++++ Data extract ++++

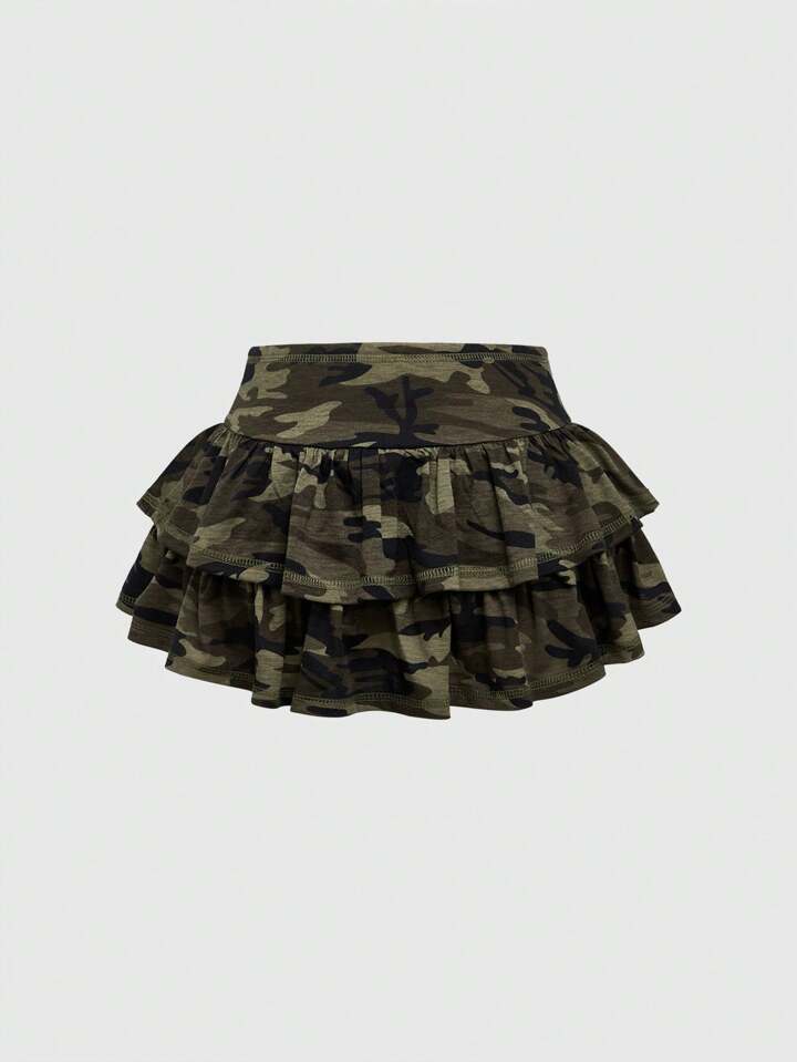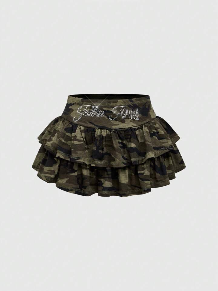 Grunge Punk Kpop Rhinestone Embellished Camouflage Mini Skirt With Super Low Waist
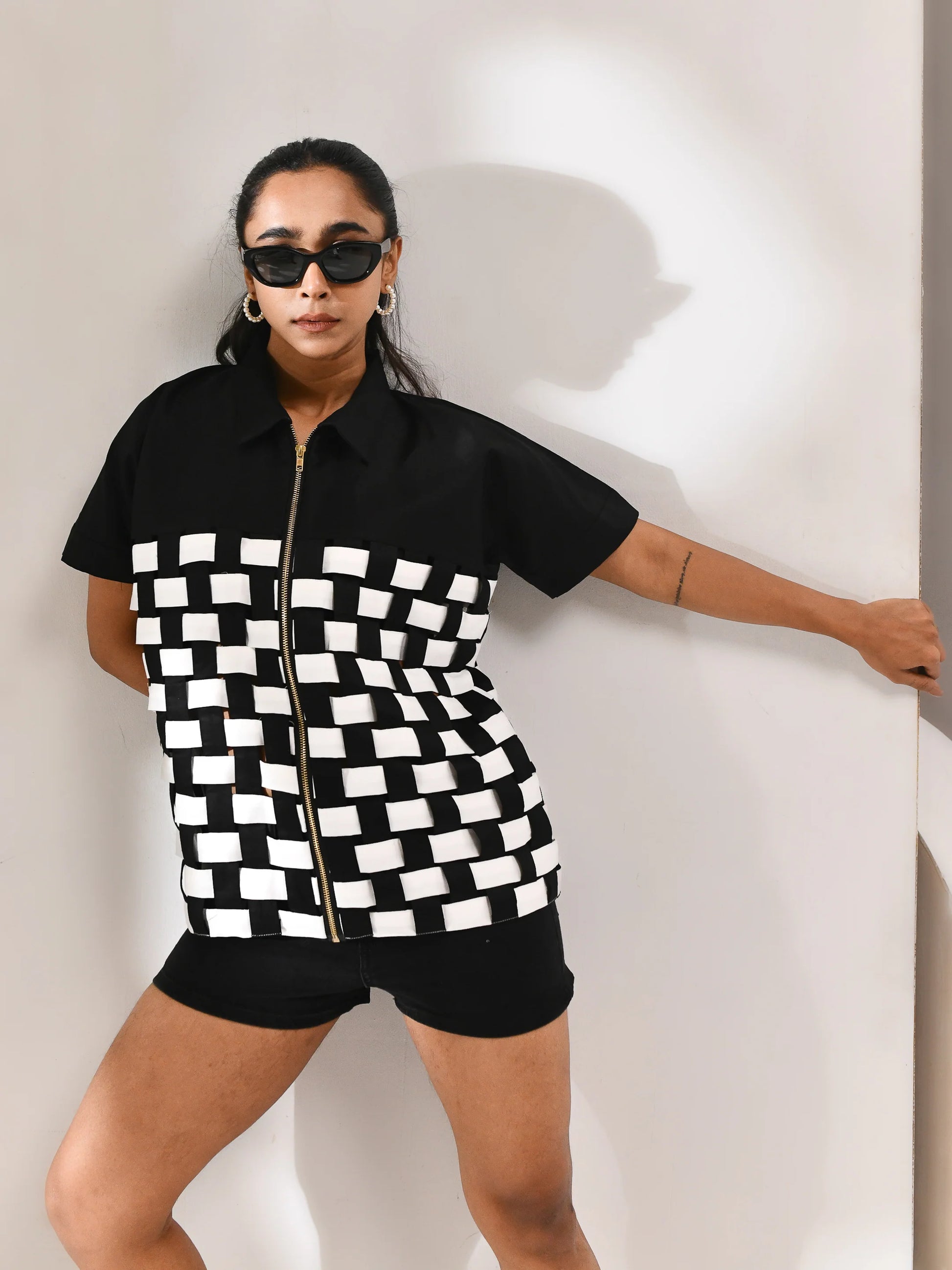 A rhythm in monochrome. This black-and-white striped jacket with inner is a study in precision—where every line is a statement, and every contrast is intentional. The stripes move like code across the body, structured yet fluid, bold yet restrained. Linecode is modern architecture in motion, designed for the woman who speaks in silhouettes and commands in quiet geometry.
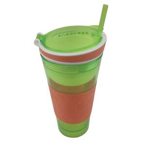 Capacidade de 500ml para bebidas e um pote acoplado com 200ml para lanches (frutas, biscoitos, etc).
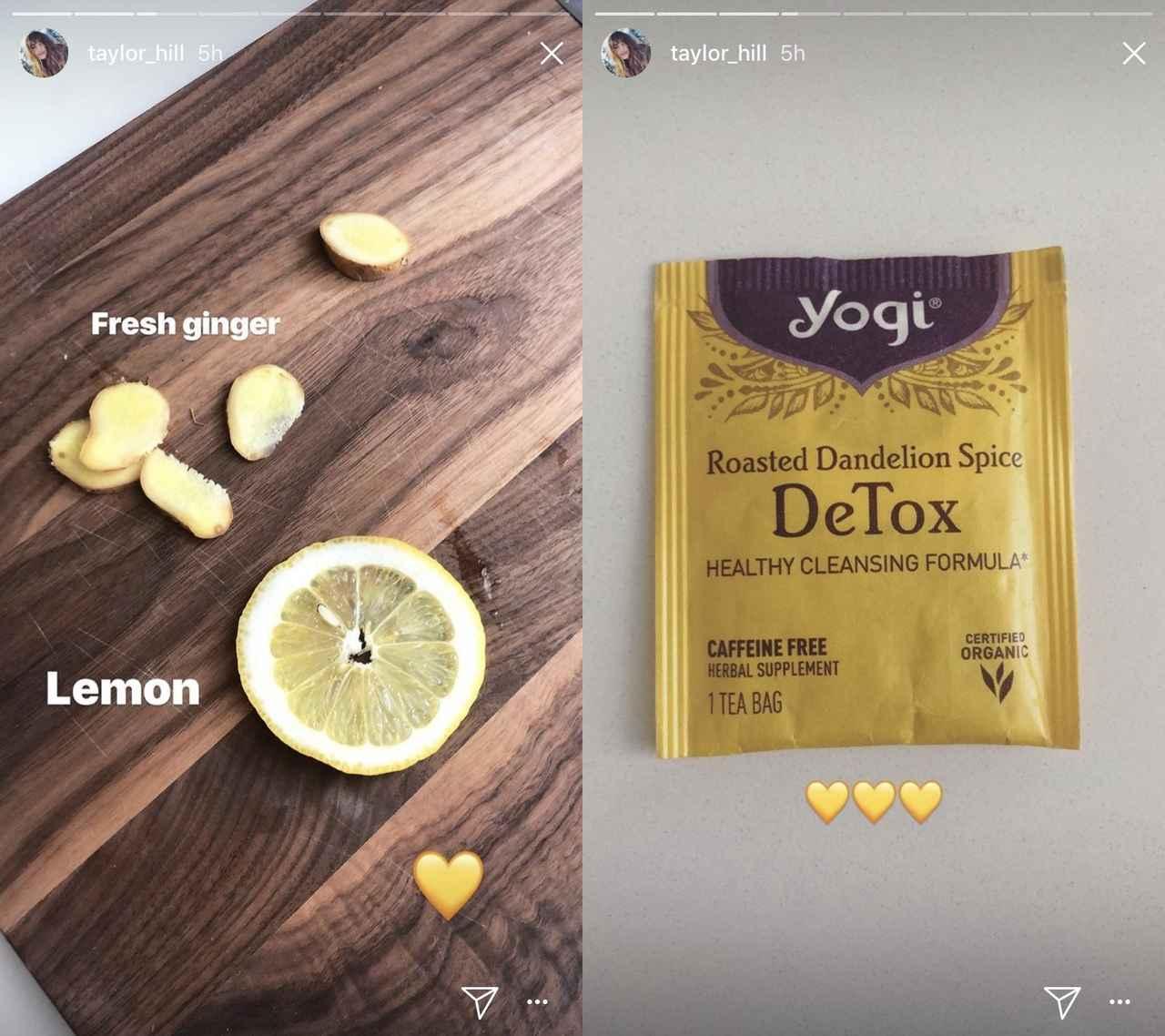 「これで目が覚めるわよ」とコメントを付けて寝起きの姿でデトックスティーを飲む様子を投稿したテイラー。とても簡単に作れるテイラーもお墨付きのデトックスティー、ぜひ家で試してみて。

++++

Work required — Write out all the data exactly, minus pictures.

Response area —
 Grunge Punk Kpop Rhinestone Embellished Camouflage Mini Skirt With Super Low Waist
 A rhythm in monochrome. This black-and-white striped jacket with inner is a study in precision—where every line is a statement, and every contrast is intentional. The stripes move like code across the body, structured yet fluid, bold yet restrained. Linecode is modern architecture in motion, designed for the woman who speaks in silhouettes and commands in quiet geometry.
 Capacidade de 500ml para bebidas e um pote acoplado com 200ml para lanches (frutas, biscoitos, etc).
 「これで目が覚めるわよ」とコメントを付けて寝起きの姿でデトックスティーを飲む様子を投稿したテイラー。とても簡単に作れるテイラーもお墨付きのデトックスティー、ぜひ家で試してみて。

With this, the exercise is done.